I am afraid of not being able to say it, but most of all, I am afraid of containing the memories I know it has already brought to the surface. I struggled to contain on Thursday and it was horrendous. I am still triggered now, it’s horrible. What if I can’t contain? How will I handle it? My T has confidence in me, my husband has confidence in me and my minister has confidence in me. I am kinda buoyed by them right now because I cannot find much of my own confidence to see me through.

 

So right in this moment, I feel fear of what is to come and I’m bothered by intrusive memories, but I am also feeling a bit of an unexpected high.  I am high on the love and support around me and I am so thankful for that love and that unwavering support.

Horrible week

Wow, what a horrible week. I keep waiting for it to get better. Last therapy session was so very hard, my T was great as always, but it was really scary. I feel beaten up, I feel bruised inside and out. I don’t want to write about the session or how I feel, I feel too much. I don’t like the way I feel, I don’t want to address it, I don’t want to feel it, nor do I want it to go, because it feels deserved some how.

Some of the added stress this week (that I won’t got into) is probably my fault, I am not doing myself any favours. Last night I was awake in the night, I felt so overwhelmed and stressed, as usual, I struggled to get my thoughts to settle. I could see flashes of light, over and over and hear voices, my mind felt crowded and chaotic. I recognise that I am extremely stressed but I can’t seem to help myself out of it.  

My lovely husband has insisted I sit and relax this evening. I am trying to do as he has said while he’s busy doing everything that needs doing. I can’t concentrate on TV, reading has been out for months now (PTSD affects my ability to concentrate, reading particularly, I struggle with very short term memory loss when reading), I have a few other things I could try, but it seems too much effort. So I find myself on here, blogging, I am not even sure why. Is this helping? The poetry stuff helps for sure, but do the general moans/ updates? Perhaps. I think it helps to know people are reading. It helps to still log how I feel when I just cannot face using my journals and the thoughts that come out in those. 

I feel crappy, I’m fed up, agitated and full of self blame and guilt and I’ve had enough. But what choice is there, what is the alternative? I guess when things are this bad, the only way is up, right?

 

Sharing

I had therapy today. I found the courage to share with him and as always, he was amazing. I wish our session could have been longer, I wish I could have stayed with him, where I felt safe, where he told me it wasn’t my fault. I almost believed him. But now I’m home and I feel like I’m fighting. It’s as if all these bad thoughts (of guilt) are trying to force their way in and I can’t hold on to the feelings I had when I was with my T. It’s consuming, it’s powerful and loud. I cannot ignore it.
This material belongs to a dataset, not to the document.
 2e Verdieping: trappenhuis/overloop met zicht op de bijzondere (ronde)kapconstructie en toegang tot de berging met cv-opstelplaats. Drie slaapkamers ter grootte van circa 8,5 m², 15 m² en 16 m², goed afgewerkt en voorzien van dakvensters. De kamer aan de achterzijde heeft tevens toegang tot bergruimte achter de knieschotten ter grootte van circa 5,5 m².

I wrote some, I can’t and don’t want to post most of it but I will share a small part of what I wrote to a friend. I wish I could share it with her, but for now it’s just out in cyber space.

Have you shared our secret? Because I did today.
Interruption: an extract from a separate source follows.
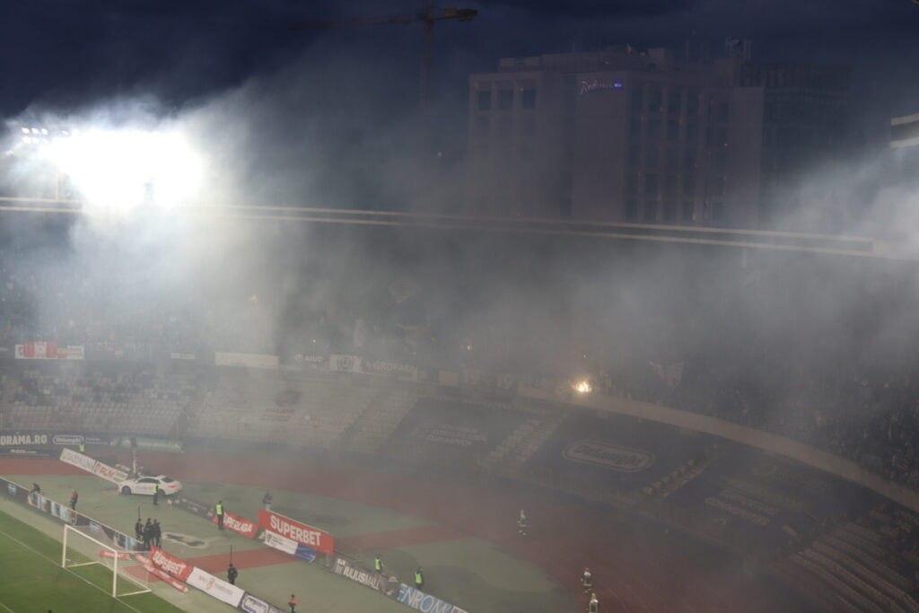 În contextul confruntării dintre cele două echipă, miile de suporteri din Galeria Șepcilor Roșii au creat în stilul specific o atmosferă electrizantă cu o coregrafie de excepție, cu cântece și scandări. Un moment cu totul excepțional a fost creat când suporterii au cântat celebrul imn al galeriei „Primul pas spre stadion”, galeria declanșând un adevărat spectacol cu torțe și lumini.

I often wonder if you remember in the way that I do?

It hurts so much today, I can barely breathe, I feel smothered by pain and regret.
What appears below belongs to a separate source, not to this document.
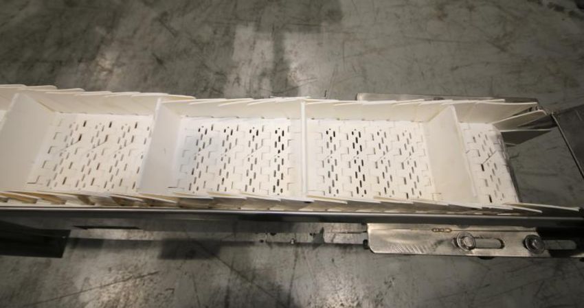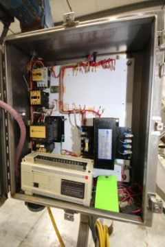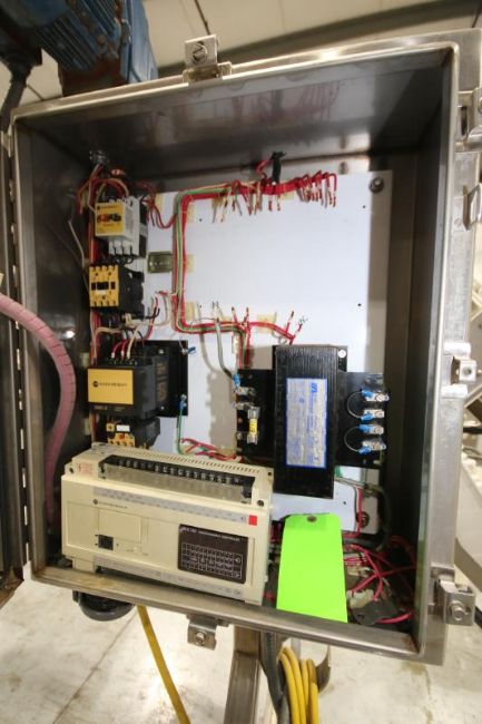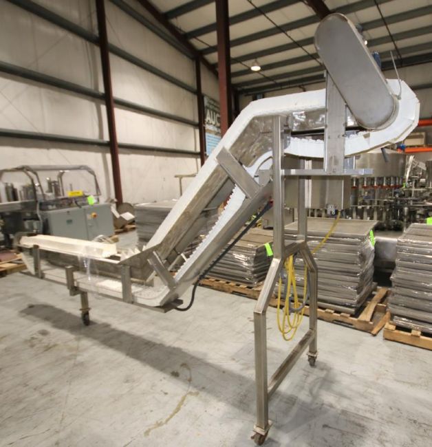 S Configuration Portable S/S Conveyor System, 13 ft 2" L x 30" & 74" H, with 8" W Plastic Belt with 8" Dividers, SEW Drive Motor with Control Box with AB SLC 150 PLC, AB 1 hp Starter & Acme Transformer (Located Pittsburgh, PA) (Rigging & Loading Fee: $350)

It feels so deserved somehow, yet I find myself desperate for comfort,

seeking my own way out.  But why should I feel OK now, when you had suffered so?

My head is in a spin, I don’t want to remember or to feel, or think.

And I don’t want to let it go, because it feels disloyal or a disservice to you.

As if my suffering can undo what was. Oh if only. I wish it were that simple.

I’m so sorry, but I know words will never be enough.

He said nothing he could say will make it better for me or take the pain away,

but that it’s not my fault, that we were both the innocent ones. 

If he’s right, (and he normally is) then why do I feel so tortured? 

I cannot get you out of my head and I won’t ever forget. 

So now, what do I do with this? How do I continue on?

When my heart is breaking for you and what was back then?

How do I live with this now it is out, now I can no longer run away?